Zika tops its list, as the virus appeared in the US in travelers and then among mosquitos in southern Florida. While this led to public health efforts to keep mosquitos in check as well as counsel pregnant women about the effects of the virus, it also led researchers to explore whether mosquitos' genes could be modified to decrease its population size or whether male mosquitos could be infected with Wolbachia to render them sterile.

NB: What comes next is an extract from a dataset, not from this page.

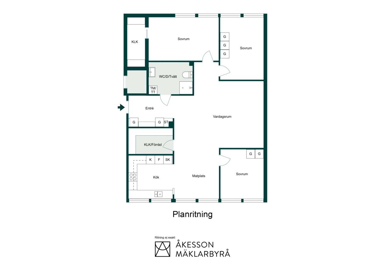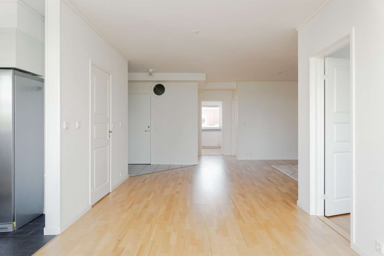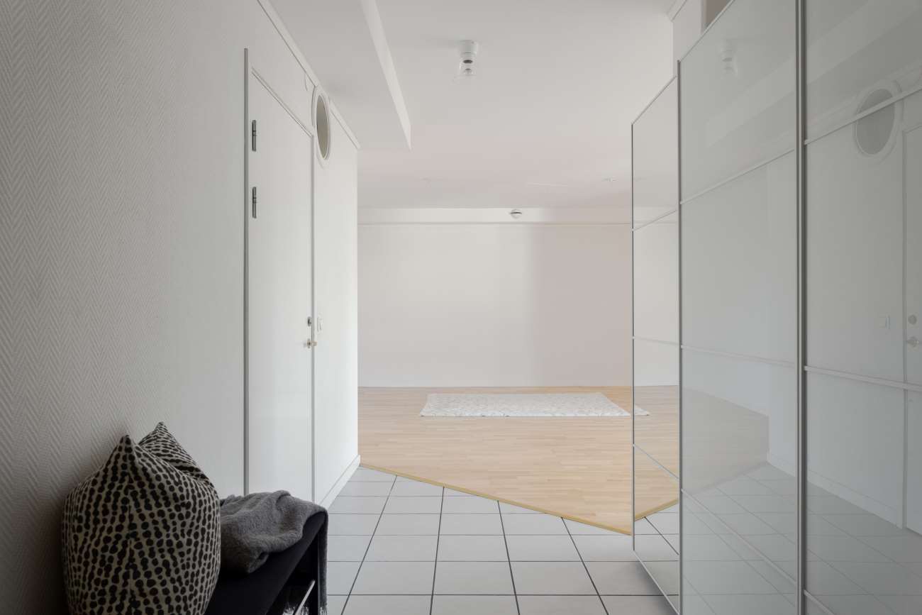 Här finns fyra rymliga sovrum, samtliga med god förvaring, där ett av dem dessutom har egen klädkammare inredd med mörka garderober. Det centralt placerade vardagsrummet binder samman bostadens olika delar och erbjuder gott om plats för både soffgrupp och extra möbler, en perfekt yta för umgänge och familjeliv. Köket är både funktionellt och trivsamt, utrustat med spis, diskmaskin, kyl och frys. Intill ryms även en stor matplats där det finns plats för vänner och familj runt bordet.
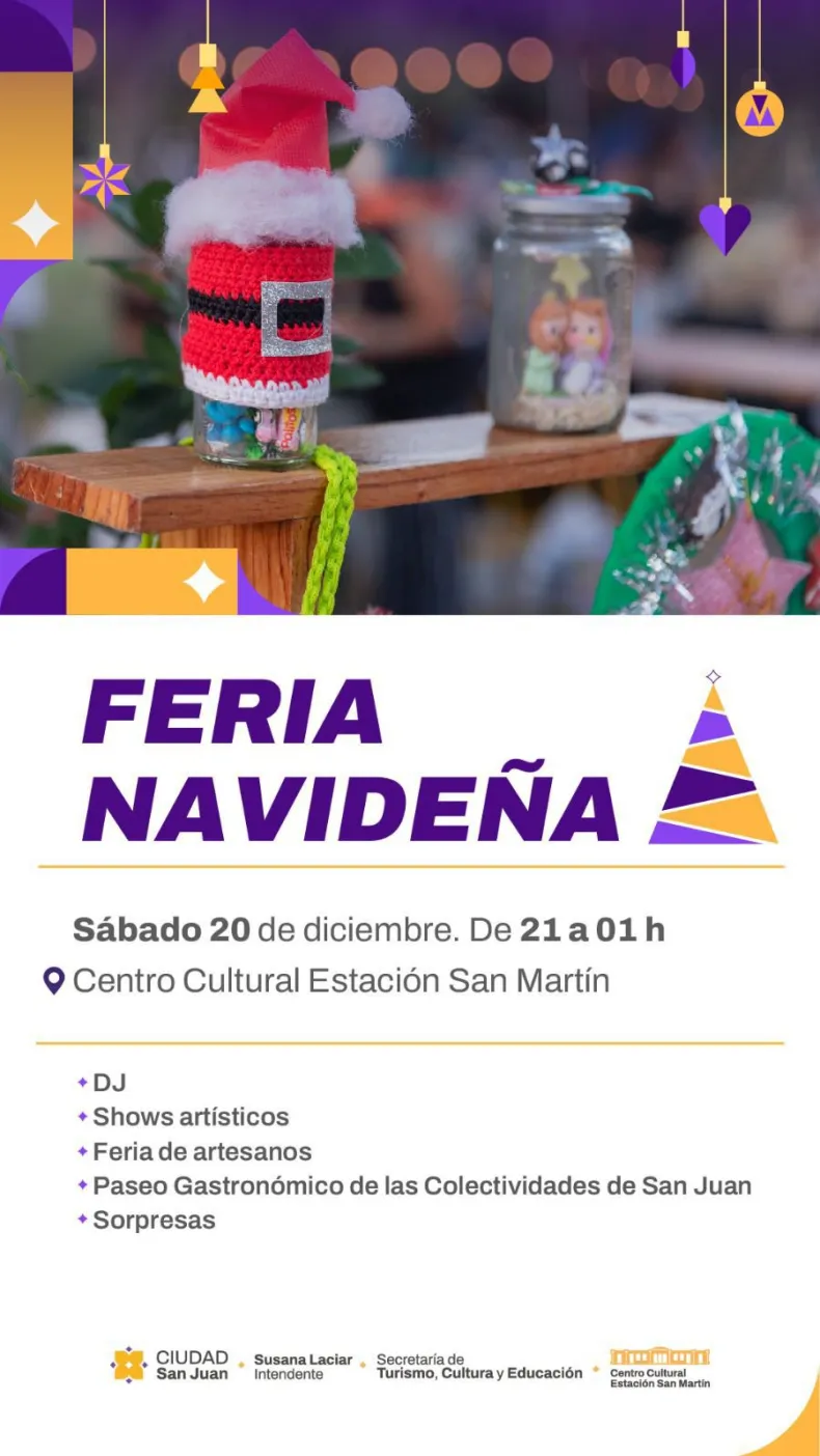 La Municipalidad de San Juan invita a disfrutar una propuesta cultural, artística y gastronómica para toda la familia en la Feria Navideña que se realizará el sábado 20 de diciembre.

The gene-editing approach CRISPR also made headlines this year as a flood of studies appeared showing that it could help treat lung cancer, sickle cell anemia, and edit human embryos.

According to Wired, other biology stories of the year include an HIV vaccine that was successful in monkeys, the reemergence of diseases like yellow fever, and astronaut Scott Kelly and his Earth-bound twin brother Mark being examined to see how space affects the human body as part of the NASA Twins Study. NASA sent an Oxford Nanopore MinIon sequencer to space for that study, as GenomeWeb reported.

"The results showed that sequencing in microgravity on the space station works just as well as it would on Earth. The nanopores work quite happily in zero gravity in processing DNA through the pores," Christopher Mason from Weill Cornell Medicine told GenomeWeb earlier this year. "And this really opens up a new era of diagnostics on the space station and for future space missions, for everything from genetics to epigenetics to exobiology. It's really the dawn of a new era in space genomics."